* _Exercise_:
With the records below as your source, retype each line exactly from the top down to the line that contains "Cowboys/Falcons SGM - Stake", and include that line.

----- Given entries -----

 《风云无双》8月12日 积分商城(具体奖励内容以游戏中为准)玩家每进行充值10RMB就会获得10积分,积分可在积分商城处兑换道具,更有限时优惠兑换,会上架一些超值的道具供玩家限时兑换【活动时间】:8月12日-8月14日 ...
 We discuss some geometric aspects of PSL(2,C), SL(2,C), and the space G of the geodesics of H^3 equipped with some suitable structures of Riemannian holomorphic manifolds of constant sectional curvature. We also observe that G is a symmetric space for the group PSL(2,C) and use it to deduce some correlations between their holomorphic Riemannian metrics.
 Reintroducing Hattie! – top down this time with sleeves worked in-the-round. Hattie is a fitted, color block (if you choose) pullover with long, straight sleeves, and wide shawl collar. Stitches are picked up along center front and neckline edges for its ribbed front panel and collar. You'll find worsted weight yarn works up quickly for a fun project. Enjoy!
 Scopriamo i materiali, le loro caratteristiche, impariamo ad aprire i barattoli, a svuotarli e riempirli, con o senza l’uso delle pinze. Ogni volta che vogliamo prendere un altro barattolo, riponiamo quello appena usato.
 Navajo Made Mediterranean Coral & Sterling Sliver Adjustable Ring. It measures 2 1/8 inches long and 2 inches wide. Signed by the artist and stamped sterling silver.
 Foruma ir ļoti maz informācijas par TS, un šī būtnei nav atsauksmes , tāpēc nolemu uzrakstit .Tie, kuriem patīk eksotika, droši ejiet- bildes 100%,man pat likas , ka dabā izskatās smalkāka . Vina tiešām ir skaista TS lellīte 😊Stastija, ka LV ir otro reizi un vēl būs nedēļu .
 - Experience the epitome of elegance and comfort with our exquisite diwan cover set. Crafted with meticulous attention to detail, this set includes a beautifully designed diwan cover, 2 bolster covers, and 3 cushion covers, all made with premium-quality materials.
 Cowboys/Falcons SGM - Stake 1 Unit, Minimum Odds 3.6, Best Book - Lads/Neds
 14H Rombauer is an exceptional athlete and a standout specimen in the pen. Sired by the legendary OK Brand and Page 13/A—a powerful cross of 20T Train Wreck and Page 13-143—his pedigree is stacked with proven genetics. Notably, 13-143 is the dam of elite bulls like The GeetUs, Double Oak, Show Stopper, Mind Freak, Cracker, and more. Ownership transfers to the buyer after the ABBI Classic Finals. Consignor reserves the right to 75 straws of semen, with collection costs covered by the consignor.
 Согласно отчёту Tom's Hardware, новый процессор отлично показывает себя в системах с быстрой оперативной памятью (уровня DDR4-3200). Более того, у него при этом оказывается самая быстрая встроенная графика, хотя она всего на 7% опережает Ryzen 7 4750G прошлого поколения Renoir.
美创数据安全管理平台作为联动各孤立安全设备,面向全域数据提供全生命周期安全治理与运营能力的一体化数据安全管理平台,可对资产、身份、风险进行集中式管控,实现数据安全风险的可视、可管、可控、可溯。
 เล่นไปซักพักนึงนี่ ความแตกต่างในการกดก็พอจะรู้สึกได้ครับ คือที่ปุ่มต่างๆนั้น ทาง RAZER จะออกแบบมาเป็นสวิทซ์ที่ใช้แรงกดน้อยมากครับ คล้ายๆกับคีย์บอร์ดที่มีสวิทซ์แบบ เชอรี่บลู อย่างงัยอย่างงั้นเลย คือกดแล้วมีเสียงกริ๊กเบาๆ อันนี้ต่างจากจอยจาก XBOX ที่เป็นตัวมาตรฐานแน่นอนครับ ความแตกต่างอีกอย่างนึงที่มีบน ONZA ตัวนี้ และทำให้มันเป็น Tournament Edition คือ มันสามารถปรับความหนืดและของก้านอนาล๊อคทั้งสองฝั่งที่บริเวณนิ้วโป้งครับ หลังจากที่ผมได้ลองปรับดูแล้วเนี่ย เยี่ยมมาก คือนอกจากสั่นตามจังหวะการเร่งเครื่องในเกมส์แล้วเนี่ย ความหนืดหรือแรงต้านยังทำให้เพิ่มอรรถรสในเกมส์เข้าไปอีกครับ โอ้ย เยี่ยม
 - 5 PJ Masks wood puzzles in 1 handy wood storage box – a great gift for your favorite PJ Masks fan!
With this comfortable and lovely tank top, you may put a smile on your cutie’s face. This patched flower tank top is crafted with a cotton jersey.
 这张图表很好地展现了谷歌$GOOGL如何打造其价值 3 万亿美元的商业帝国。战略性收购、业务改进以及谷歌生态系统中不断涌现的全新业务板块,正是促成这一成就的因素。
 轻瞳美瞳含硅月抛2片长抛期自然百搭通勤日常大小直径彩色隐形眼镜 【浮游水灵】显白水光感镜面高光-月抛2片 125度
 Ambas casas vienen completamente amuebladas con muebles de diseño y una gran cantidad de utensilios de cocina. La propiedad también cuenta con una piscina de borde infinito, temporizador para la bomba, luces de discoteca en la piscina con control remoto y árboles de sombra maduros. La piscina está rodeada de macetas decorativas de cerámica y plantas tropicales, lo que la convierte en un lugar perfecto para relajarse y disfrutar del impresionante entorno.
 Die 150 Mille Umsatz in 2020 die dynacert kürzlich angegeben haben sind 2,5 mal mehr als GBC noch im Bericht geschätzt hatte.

-----

* _Task response_:
 《风云无双》8月12日 积分商城(具体奖励内容以游戏中为准)玩家每进行充值10RMB就会获得10积分,积分可在积分商城处兑换道具,更有限时优惠兑换,会上架一些超值的道具供玩家限时兑换【活动时间】:8月12日-8月14日 ...
 We discuss some geometric aspects of PSL(2,C), SL(2,C), and the space G of the geodesics of H^3 equipped with some suitable structures of Riemannian holomorphic manifolds of constant sectional curvature. We also observe that G is a symmetric space for the group PSL(2,C) and use it to deduce some correlations between their holomorphic Riemannian metrics.
 Reintroducing Hattie! – top down this time with sleeves worked in-the-round. Hattie is a fitted, color block (if you choose) pullover with long, straight sleeves, and wide shawl collar. Stitches are picked up along center front and neckline edges for its ribbed front panel and collar. You'll find worsted weight yarn works up quickly for a fun project. Enjoy!
 Scopriamo i materiali, le loro caratteristiche, impariamo ad aprire i barattoli, a svuotarli e riempirli, con o senza l’uso delle pinze. Ogni volta che vogliamo prendere un altro barattolo, riponiamo quello appena usato.
 Navajo Made Mediterranean Coral & Sterling Sliver Adjustable Ring. It measures 2 1/8 inches long and 2 inches wide. Signed by the artist and stamped sterling silver.
 Foruma ir ļoti maz informācijas par TS, un šī būtnei nav atsauksmes , tāpēc nolemu uzrakstit .Tie, kuriem patīk eksotika, droši ejiet- bildes 100%,man pat likas , ka dabā izskatās smalkāka . Vina tiešām ir skaista TS lellīte 😊Stastija, ka LV ir otro reizi un vēl būs nedēļu .
 - Experience the epitome of elegance and comfort with our exquisite diwan cover set. Crafted with meticulous attention to detail, this set includes a beautifully designed diwan cover, 2 bolster covers, and 3 cushion covers, all made with premium-quality materials.
 Cowboys/Falcons SGM - Stake 1 Unit, Minimum Odds 3.6, Best Book - Lads/Neds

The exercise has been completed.